In the same suit, Jay and Cushing maintained that the United States cannot be sued, a dictum since followed, though the Constitution gives jurisdiction to the courts where the United States are a party.

At this time all the States were greatly indebted and many suits were instituted against them, the United States Courts maintaining their jurisdiction over the States. The alarm was general, and to quiet the apprehension that was so extensively entertained, an amendment, taking from the United States judicial power in suits against a State, was adopted in Congress and afterwards ratified by the State Legislatures in 1798. That its motive was not to maintain the sovereignty of a State from the degradation supposed to attend a compulsory appearance before the tribunal of the nation may be inferred from the terms of the amendment. It left jurisdiction to the United States of controversies to which the United States shall be a party, of controversies between two or more States, between citizens of different States, between citizens of the same State claiming under grants of different States.[61]

Early in our history, in the second administration of Washington, a formidable, armed, organized resistance was made to the enforcement of the excise laws of the General Government in the western portion of Pennsylvania, which extended into a part of Virginia. It was computed that there were sixteen thousand men capable of bearing arms in the district in insurrection. Washington called out the militia of several of the States and, as Commander-in-chief, suppressed the revolt. The march of the troops was fatiguing and long, late in the fall, in rain and storms, which caused much suffering and, in the end, a good many deaths. The insurrection was crushed by the power of the General Government with promptness and vigor, much to the satisfaction of Washington and Hamilton then Secretary of the Treasury; it strengthened the government and the administration. Of the prisoners tried before the United States Court at Philadelphia two were found guilty of treason, who from some palliating circumstances were ultimately pardoned by the President.[62]

We have seen what were the opinions of the nature of the new government held by Hamilton, Mason, and Clinton, three of the persons Mr. Lodge named. There can be no doubt what Washington’s was. No one knew better than Washington, what a miserable condition the States, then petty in population and poor in resources, would be without a strong, indissoluble Union. Only one of the States, Virginia, had over half a million of inhabitants, nearly half slaves; two had about sixty thousand.

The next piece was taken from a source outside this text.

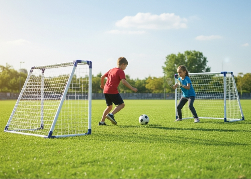 This PVC goal set features a rectangular top and spacious design, giving players plenty of room to move and score. Durable yet lightweight, the goals are built with high-impact ABS joints for lasting performance.

Washington, long before, on the disbanding of the army in 1783, wrote to the governors of the States that, according to the policy the States should adopt, depended whether the revolution was a blessing; and he put “first” among the essential requisites “an indissoluble union of the States under one federal head.”[63] In his address as president of the convention submitting the Constitution to the Congress of the States, he said: “In all our deliberations on this subject we kept steadily in our view that which appeared to us the greatest interest of every true American, the consolidation of the Union, in which is involved our prosperity, felicity, safety, perhaps our national existence.” In his farewell address, as President, to the people of the United States, in no less emphatic terms, he declared the importance and the success of the Union. He said: “The unity of Government, which constitutes you one people, is also now dear to you; it is justly so, for it is a main pillar in the edifice of your real independence—the support of your tranquillity at home, your peace abroad; of your safety; of your prosperity; of that very liberty which you so highly prize.”[64]

We have before stated, that at the institution of our government there was a great fear on the part of a portion of the people of its consolidation and the extension of its granted powers over those reserved to the States and people. It was not however until the administration of John Adams, about ten years after the government had gone into operation, that the power of a State to pass judgment on the validity of the acts of the United States was suggested. Those who had elected Adams as President called themselves Federalists, and, as is natural in those controlling the government, were in favor of a liberal construction of its powers. The name federal, taking its Latin derivation, refers to a bond uniting states; that bond may be, however, that of a confederacy or of a nation. Perhaps it was a misnomer for the party in favor of a broad national construction of the Constitution. The name has come into use, however, as descriptive of our government; it is very generally called the Federal Government. The proposed uniting of states, like the British colonies in the Pacific, is spoken of as federal. Indeed there is no substantial objection to terming any sort of government made by a constitution or agreement federal.

The party, at that time of our history, in opposition to the Federal, and who were in favor of a strict construction of the Constitution, called themselves by the national name of Republicans. When, however, they came into power under Jefferson, they were no longer strict constructionists.